Nietzsche exposes three theories: the Übermensch, the transvaluation of values, and the will to power. He believes the root of Western tradition, from Socrates onward, is creating good and evil. His moral thinking is to overcome morality itself. Zarathustra proclaims the need to go beyond good and evil, positing a natural morality that affirms the values of life. We must affirm life, never deny it, and restore the original state of moral innocence. Natural morality identifies with the Übermensch.

Death of God

The “death of God” means a radical critique of religion, morality, and metaphysics upon which Western civilization is built. This shifts humanity’s orientation away from a transcendent world to focus on this world, this real life. With the death of dogmatism and a supernatural conception of reality based on reason and the division between right and wrong, a pluralistic vision of reality and life emerges.

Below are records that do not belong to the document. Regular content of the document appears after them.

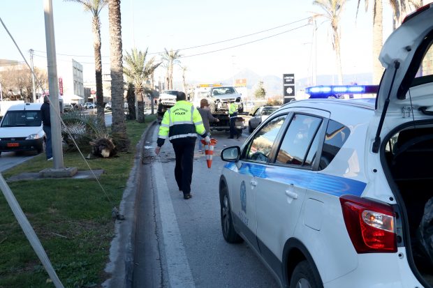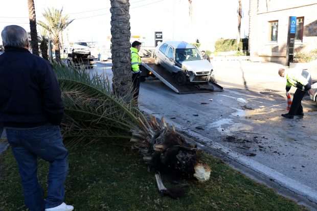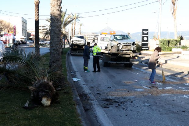 Στο συμβάν πρωταγωνιστούν δύο αυτοκίνητα και…. ένας φοίνικας από τον οποίο έπεσε ένα μέρος μετά τη σύγκρουση των οχημάτων.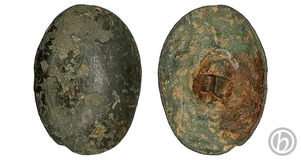 Probabile bottone o borchia. Presenta una superficie superiore convessa di forma ovale e inferiormente manca l’occhiello.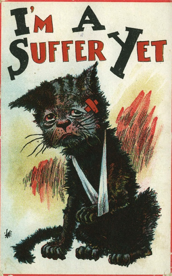 显然,当时的男人似乎有意将猫女性化,那女人们会怎么想?英国女作家多萝西·贝维尔·尚皮永(dorothy bevill champion)也觉得自己和猫很像。她在1909年出版的著作《每个人的猫书》中指出,女人和猫有很多相似之处,比如她们都很敏感,害怕刺耳的声音或大声的说话声,以及经常被误认为愚蠢。尚皮永在书中写道:“我见过很多和猫的智力相关的案例,我只能说,如果一只猫很蠢笨,那是因为这只猫缺乏教育。”这句话可是话中有话,因为当时女性运动的一个核心争论点就是女性是否和男性一样聪明。女性同胞们不卑不亢地指出:女性看起来不够聪明,主要原因是接受的教育太少,所以,女性要争取和男性同等的受教育权。看来,尚皮永既是在为猫辩护,也是在为女性辩护。她表面上评价猫,实际上在助女性运动一臂之力。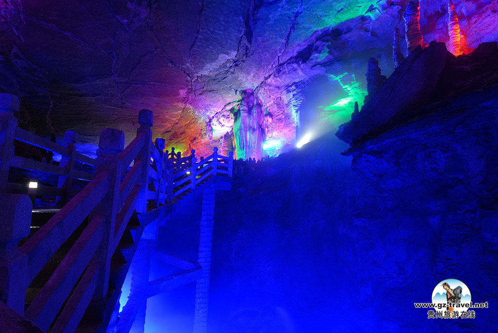 九龙洞,国家级风景名胜区,位于贵州铜仁境内的锦江边的半山腰上,局铜仁市区约20余公里。九龙洞前临锦江,后倚六龙山,主洞全长3200米,洞内最高处达80余米,自然分为7个大厅,一个天厅和一道暗河,总面积8万平方米。洞内钟乳石错落林立,在灯光的勾画下光怪陆离,五彩斑斓,如梦如幻著名的景观有九龙擎天,海螺、水母、扇贝、独柱擎天、倒挂莲花等等,惟妙惟肖令人叹为观止。

Nihilism and Perspectivism

Perspectivism recognizes the multiplicity of interpretations, enabling human freedom, liberated from its historical burden. The death of God leaves room for life and the Übermensch. The transvaluation of values amounts to a constant becoming, affirmed in life.

Will to Power

The will to power is Nietzsche’s essential concept, synonymous with the capacity to create values. Reality and the Übermensch are dominated by the will to power, which creates reality and values without accepting any morality. Whoever has created, knows. The concept of will to power is at the core of the “transvaluation of values” and the new morality of the Übermensch. It means accepting life (instinct) joined with the eternal return of time.

Eternal Return

This concept has pre-Socratic origins, especially in Heraclitus. The eternal return is the constant, rhythmic repetition of things. Affirming it means admitting a world dominated by becoming, where everything repeats like a game or dance. This doctrine is the supreme attempt to see becoming as being, renouncing the transcendent. It requires lived experience and deserves to be lived eternally. The Übermensch accepts life as becoming, as eternal repetition. This idea stems from the desire to accept life with all its consequences.

Nietzsche’s Philosophy

Nietzsche goes beyond meaning; he’s a new human type, a prophet of the Übermensch. He follows the Apollonian. Nihilism has a downside (being from nothing) and a positive side (a historical transformation). Nietzsche’s philosophy doesn’t fit into any mainstream. He criticizes Western culture, creating, along with Marx and Freud, a philosophy of suspicion. 19th-century European culture is in crisis, the path of European man is wrong. The 19th century is a busy century of revolutions. Romanticism reacts against Enlightenment thinking, and scientific and philosophical positivism. The reaction against positivism marks the transition to the 20th century. Positivism highlights life, spirit, and freedom. European mentality changes. Nietzsche’s philosophy is called “the hammer.” Written in 1888, his critique of Western tradition is devastating, directed at all fields: positivist science, religions, Socratic morality.